Calvin Luo incorporated utilitarian influence with deconstructed silhouettes, unbuttoned and hung off the shoulders to bend the rules of uniform looks. A clean, crisp color palette gave each silhouette a sense of serenity. The female models wore cornrow braids to keep hair off the face and gave the overall looks some edge. Makeup was kept mainly natural, with emphasis on heavy kohl covered eyes and just-kissed coral pink lips. For men, uniformity appeared in navy-like V-necks and belted boxy dress shirts as well as socks pulled up to the shins.

calvin luo

[Calvin Luo’s collection. | Photo Source: Women’s Wear Daily]

The most wearable elements of Luo’s collection, at least in our opinion, are the deconstructed Oxfords that show off just enough shoulder, military inspired Spring jackets and shirt silhouettes in calming tones of serenity blue and snowy white, down-to-there V-necks in fully covered dresses; and for the guys, crew, and V-necks, all white, shirts buttoned right up to the very top collar, and boxy silhouettes that hint at the male body form with belts and cinches at the waist.

The shows were truly inspiring this season, leaving our India.com fashion crew hopeful for the future. This year has been challenging all around the globe, with economic and political ups and downs, and saddening news of lives lost and increased fear.

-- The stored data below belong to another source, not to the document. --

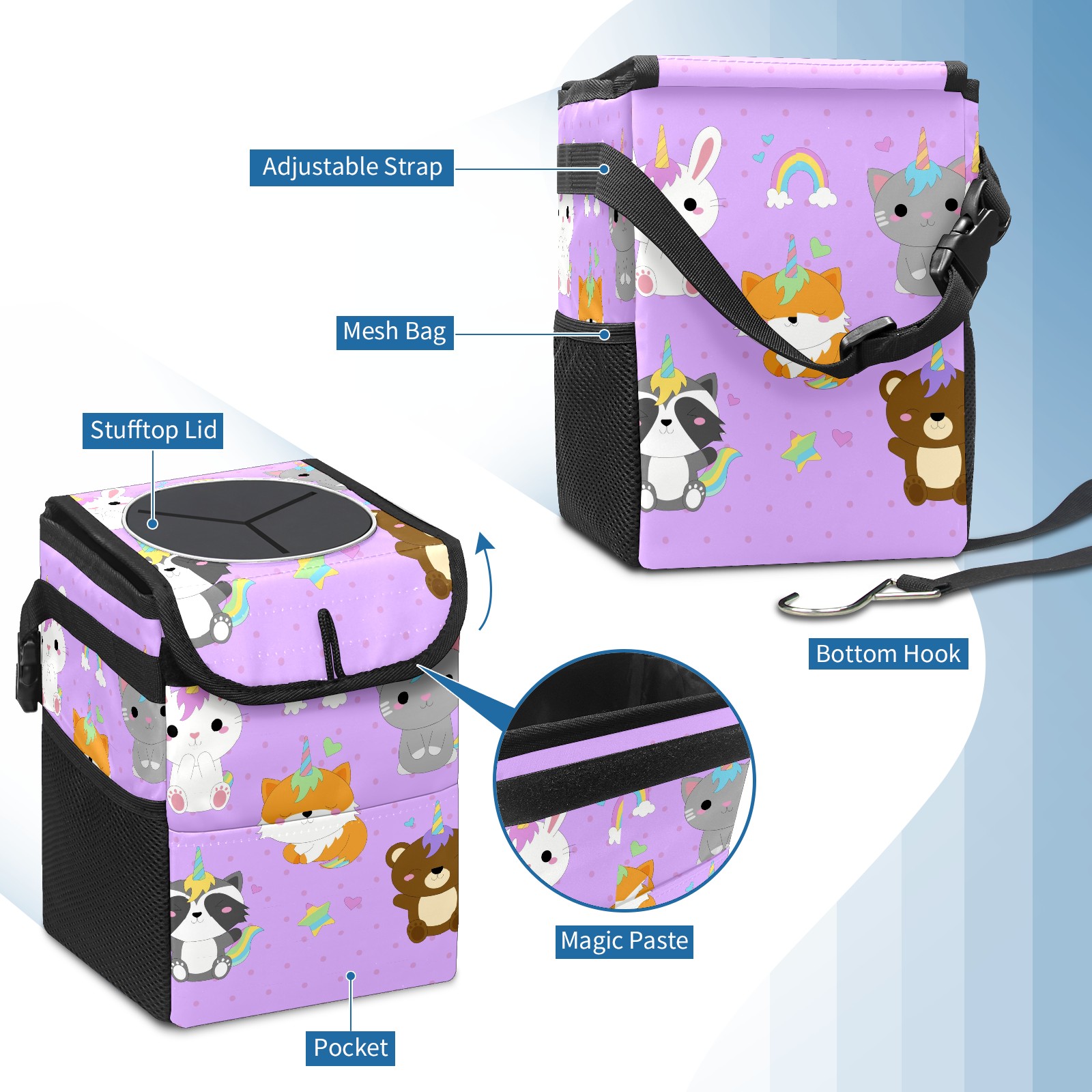 Car Garbage Can — Multi-functional, Lightweight Portable, Reusable Vehicle Trash Can, Waterproof with Sufficient Storage Capacity Cartoon Animal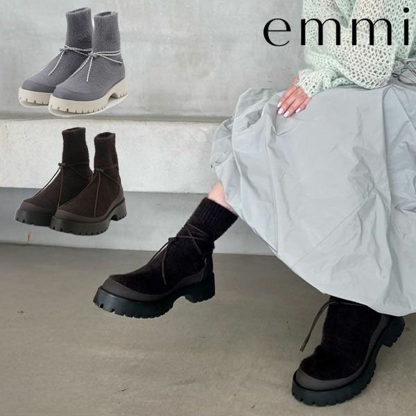 【emmiの大ヒットアイテムecoニットブーツシリーズ】 ■Design emmiオリジナルのアウトソールと、肌ざわりが魅力のフェザーヤーン糸を使用し、 足首まわりにドロストディテールを施してより立体的で旬な表情にアップデート。 伸縮性のあるニット素材は、着脱がしやすく、締め付け感のない快適なフィット感を実現。圧倒的な軽量性で長時間の着用もストレスフリー。 冬らしい素材感と洗練されたフォルムで、カジュアルからフェミニンまで、幅広いスタイリングにマッチします。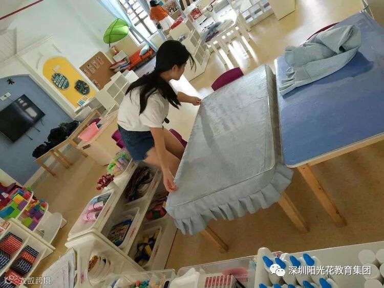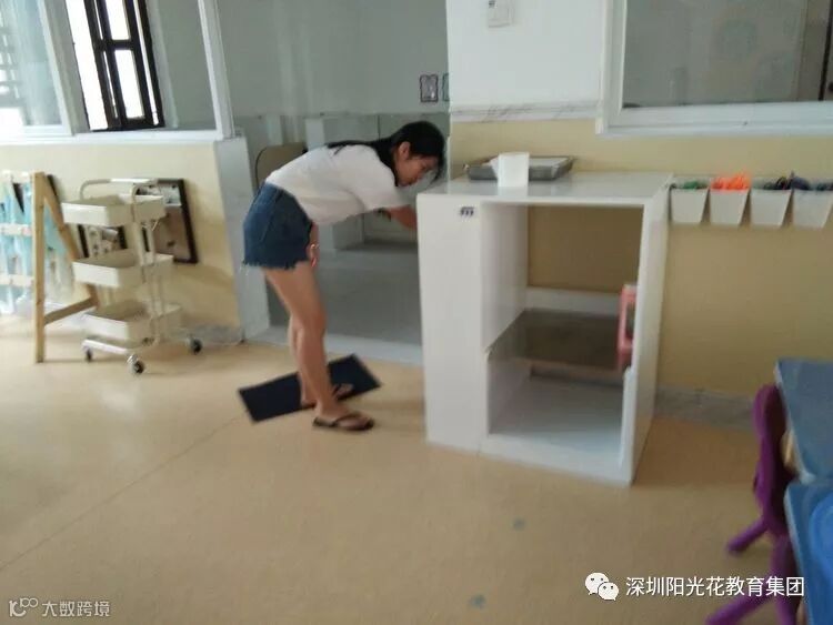 5月1日上午 老师们不辞辛苦利用休息时间早早的来到幼儿园进行对教室、厕所、户外等公共区域进行了打扫,并对水杯、毛巾、玩具进行了清洗与消毒,玩偶跟垫子进行暴晒。老师们不放过任何一个角落,里里外外都认认真真做了清洁。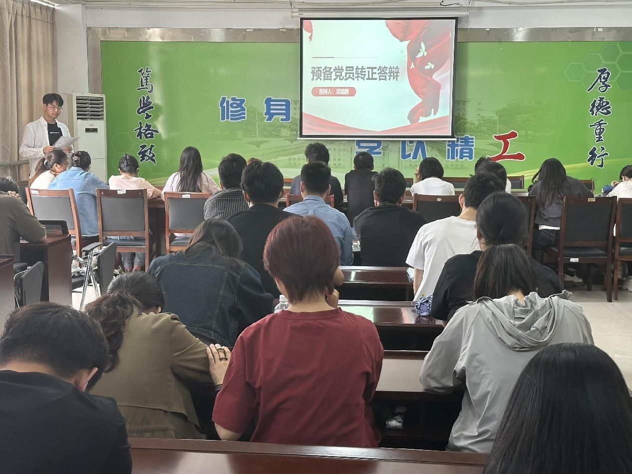 佘雯宇、王子婷等15名预备党员分别从个人基本情况、入党动机、党的理论学习、存在的不足及今后努力方向等方面,依次进行汇报。各位预备党员思维清晰,逻辑严谨,表达了积极向党组织靠拢的决心和坚定不移跟党走的信念。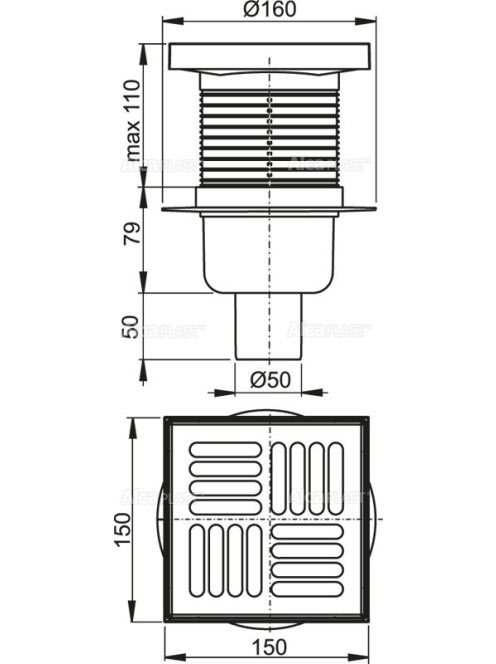 Alcaplast - Padlóösszefolyó 150×150/50 mm APV6411 - Fürdőszo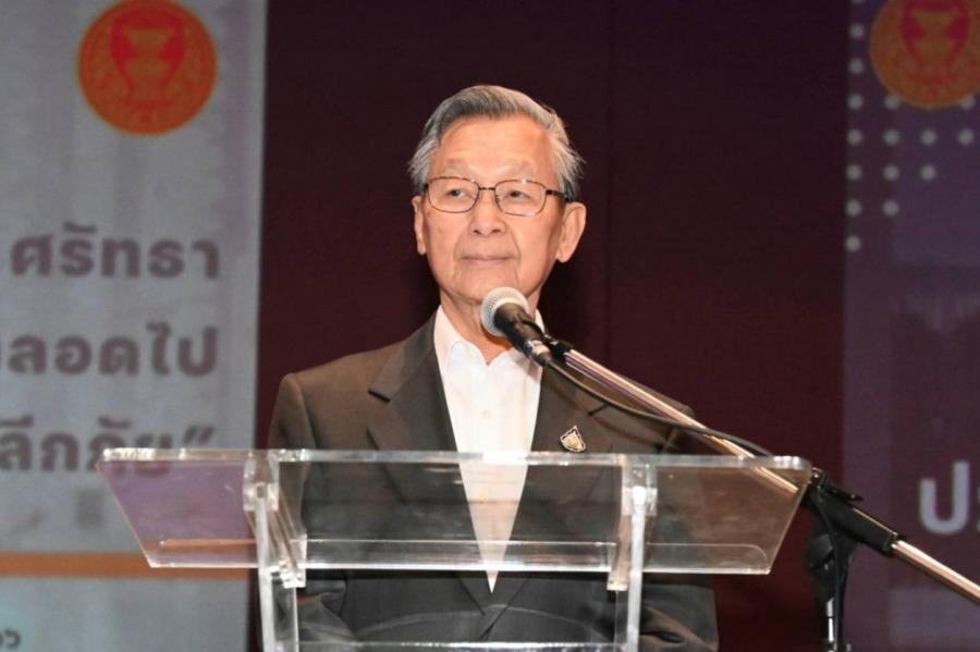 "มุทิตา คารวะ มนะน้อม ผู้ถึงพร้อม ธรรมนิยม พรหมวิหาร อีกศาสตร์ศิลป์ เชิงชั้น ขั้นเชี่ยวชาญ คือประธาน ผู้ครบถ้วน "ชวน หลีกภัย" สี่ปีผ่าน งานยิ่งใหญ่ ให้รำลึก สร้างสำนึก สุจริต คิดโปร่งใส เป็นรากฐาน เพิ่มคุณค่า สภาไทย ประจักษ์ใจ น้อมมนัส กตเวที ถึงวันนี้ จำจบ ครบวาระ ขอพรพระ รัตนะเพิ่ม เสริมราศี แด่ผู้เปี่ยม คุณงาม และความดี ปูชนีย์ ที่สัตย์ซื่อ ชื่อนายชวน"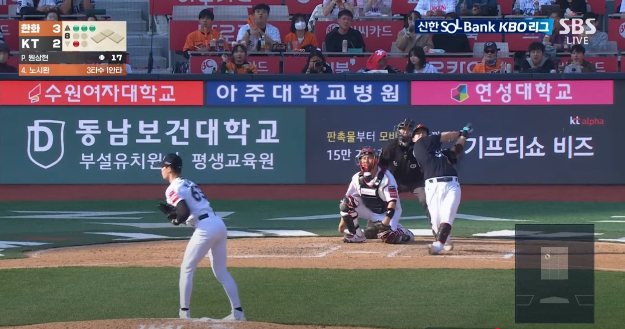 1-2로 뒤지던 7회초, 황영묵의 동점타에 이어 심우준은 친정팀 KT를 상대로 우중간을 가르는 2루타를 터뜨려 3-2 역전에 성공했습니다. 이 한 방으로 경기는 완전히 한화 쪽으로 넘어갔습니다.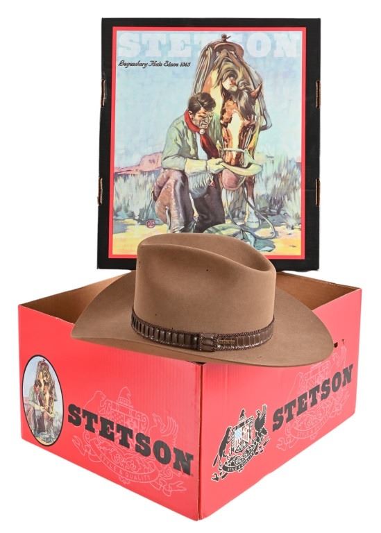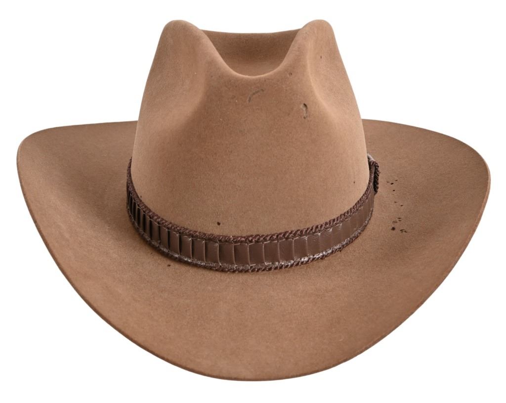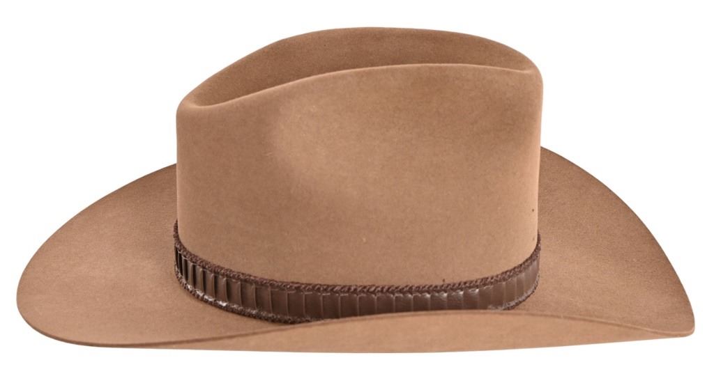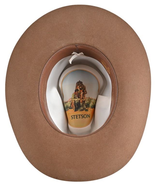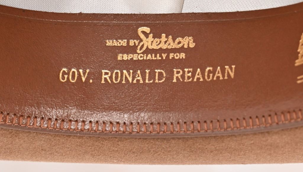 Sweatband marked "Made by Stetson, especially for Gov. Ronald Reagan", with Nudie's Rodeo Tailors in gold. Size is approximately 6 7/8. Includes auction purchase paperwork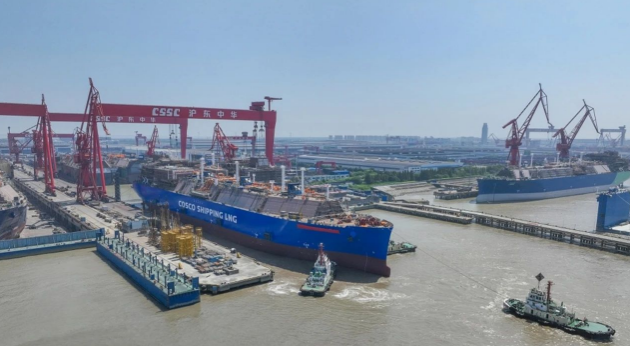 8月9日,中国船舶集团旗下沪东中华3艘第五代LNG船生产节点告捷,实现2船出坞、1船开工三大生产节点。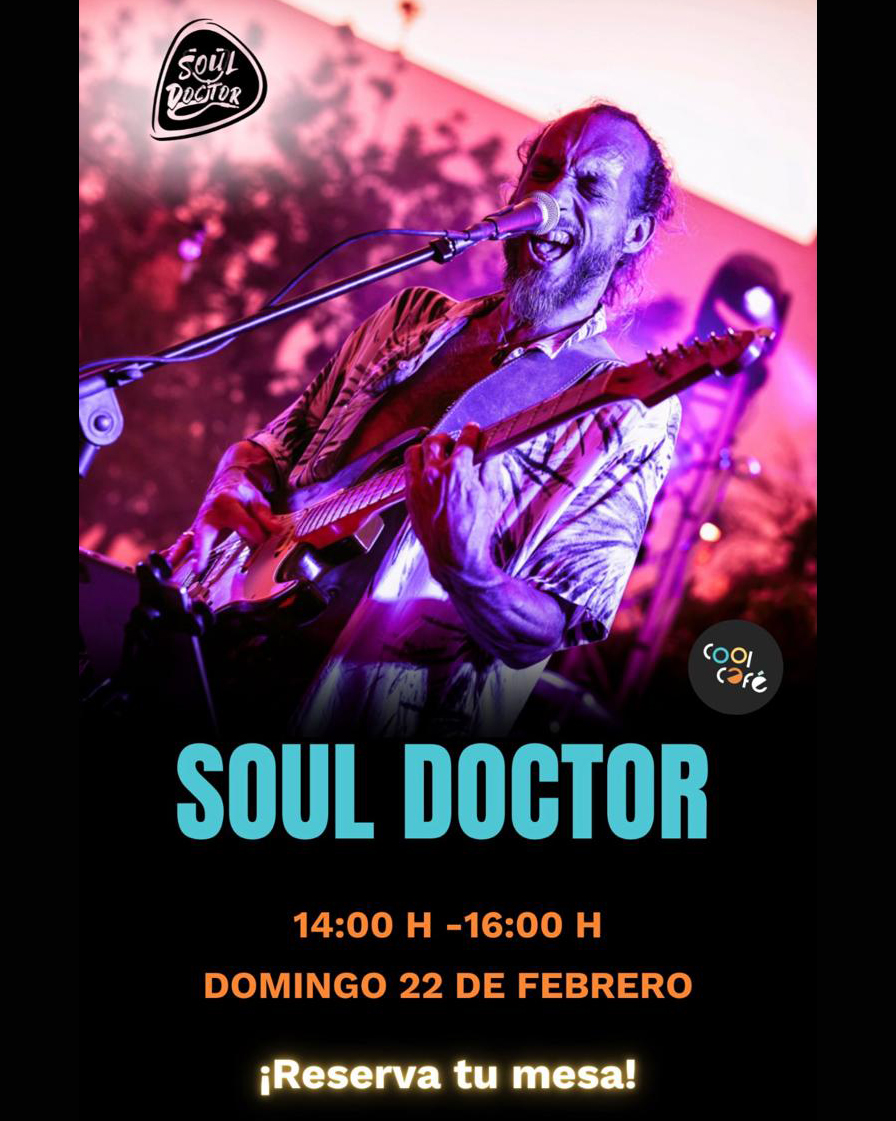 Tots els diumenges el públic que acudeix al restaurant Cool Cafè, a Cala de Bou, pot gaudir de les millors bandes d’Eivissa en viu. Aquesta vegada actua Soul Doctor, per a molts el més destacat grup de versions de l’illa, en format trio. El formen Matteo Crocetti (veu i guitarra), Gabriel de Miranda (baix) i Michael Alcaras (bateria). Tots ells són músics professionals de llarga trajectòria i ofereixen un repertori molt potent de temes de soul i funky, que impacten al públic per la qualitat interpretativa i el feeling que li posen tots els artistes.

Seeing how such real matters impact fashion and then how designers have purposefully infused pops of wishful color and soothing silhouettes into their collections, is truly encouraging. What we see on the runway may appear far off from what is comfortable, but if we take a closer look at the innuendos buried within each design, it becomes easier to see how relevant, and therefore, wearable fashion can be.